*Source material:*

###

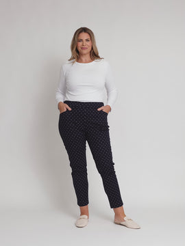 - A cotton pant with just the right amount of stretch to hold you in, you will be stylish and comfortable all day long. You're welcome!
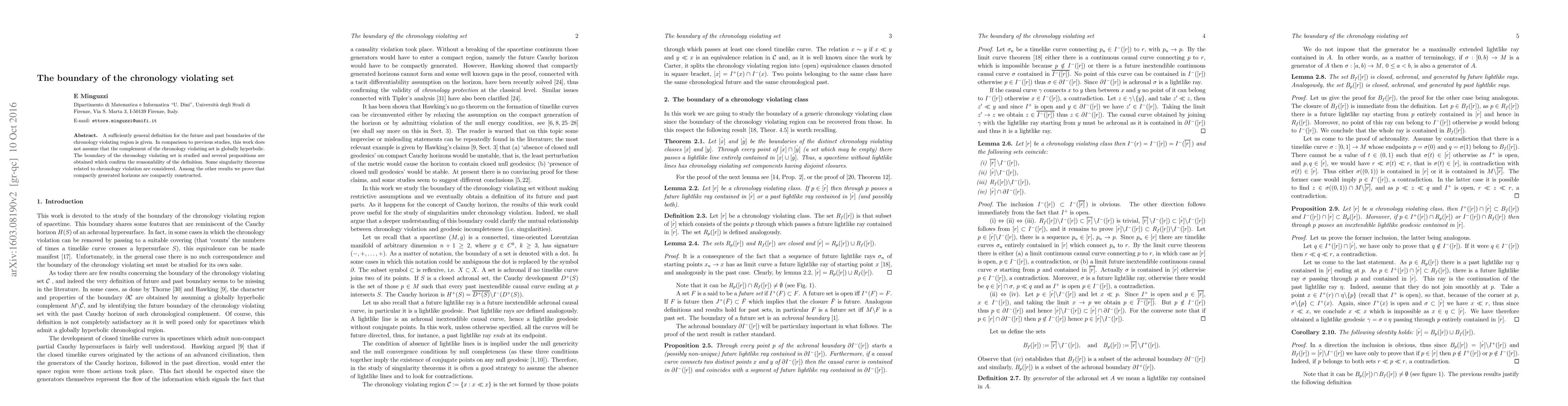 A sufficiently general definition for the future and past boundaries of the chronology violating region is given. In comparison to previous studies, this work does not assume that the complement of the chronology violating set is globally hyperbolic. The boundary of the chronology violating set is studied and several propositions are obtained which confirm the reasonability of the definition. Some singularity theorems related to chronology violation are considered. Among the other results we prove that compactly generated horizons are compactly constructed.
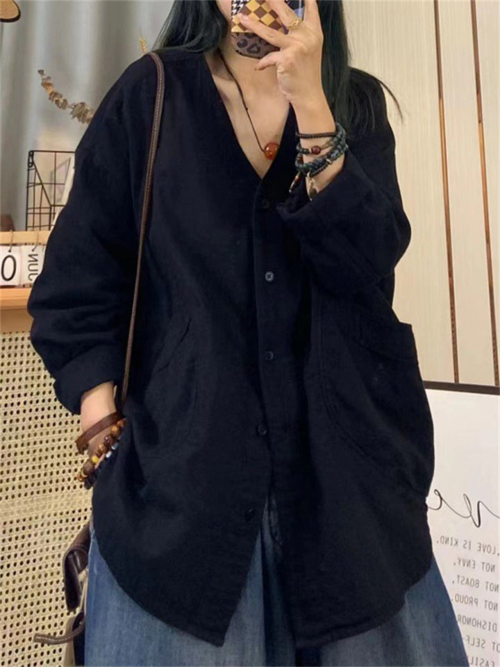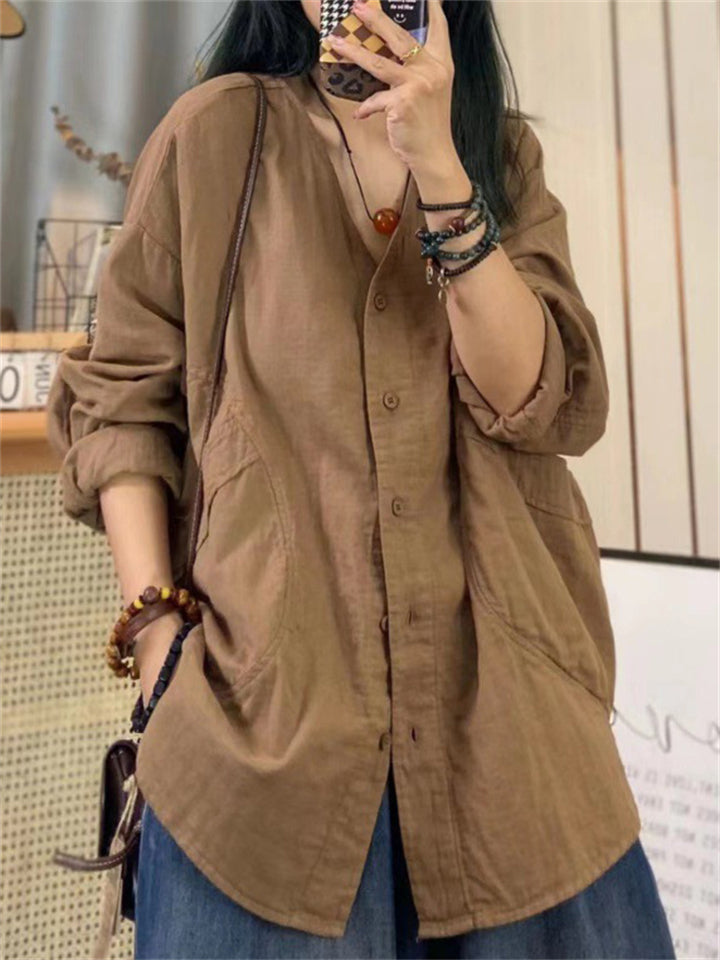 Women's Retro Casual Solid Color Button Up Lapel Cardigan Shirts

###

*Work request:* The answer must be the listing above, restated word for word, with no images in it.

*Exercise result:*
 - A cotton pant with just the right amount of stretch to hold you in, you will be stylish and comfortable all day long. You're welcome!
 A sufficiently general definition for the future and past boundaries of the chronology violating region is given. In comparison to previous studies, this work does not assume that the complement of the chronology violating set is globally hyperbolic. The boundary of the chronology violating set is studied and several propositions are obtained which confirm the reasonability of the definition. Some singularity theorems related to chronology violation are considered. Among the other results we prove that compactly generated horizons are compactly constructed.
 Women's Retro Casual Solid Color Button Up Lapel Cardigan Shirts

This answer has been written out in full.